● THE DATA:
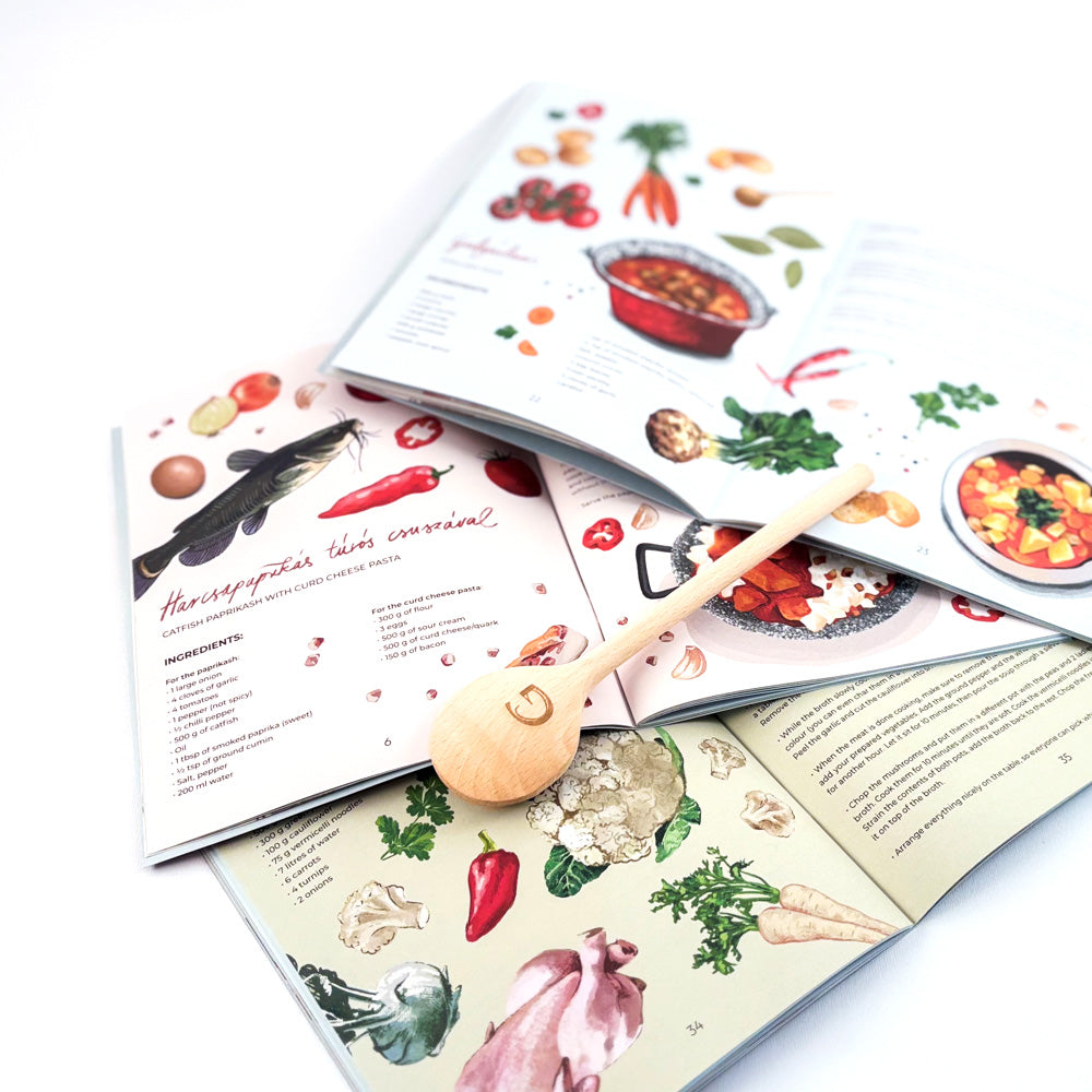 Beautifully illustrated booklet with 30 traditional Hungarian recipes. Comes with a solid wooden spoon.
==
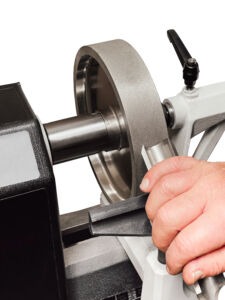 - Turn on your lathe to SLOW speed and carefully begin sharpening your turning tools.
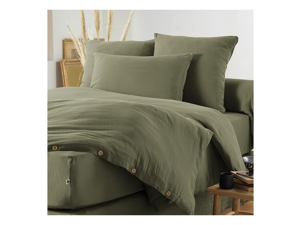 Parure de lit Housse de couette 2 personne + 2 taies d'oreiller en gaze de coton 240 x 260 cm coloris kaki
...
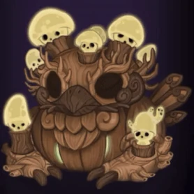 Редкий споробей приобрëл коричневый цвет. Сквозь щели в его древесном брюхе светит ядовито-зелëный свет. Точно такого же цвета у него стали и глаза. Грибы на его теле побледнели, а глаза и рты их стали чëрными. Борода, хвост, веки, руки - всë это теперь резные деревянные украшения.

● PROBLEM TO SOLVE:
Reproduce exactly the lines of the data above that run from the line with "- Turn on your" down to the line with "Parure de lit", both ends included. Pictures do not belong in the copy.

● YOUR SOLUTION:
 - Turn on your lathe to SLOW speed and carefully begin sharpening your turning tools.
 Parure de lit Housse de couette 2 personne + 2 taies d'oreiller en gaze de coton 240 x 260 cm coloris kaki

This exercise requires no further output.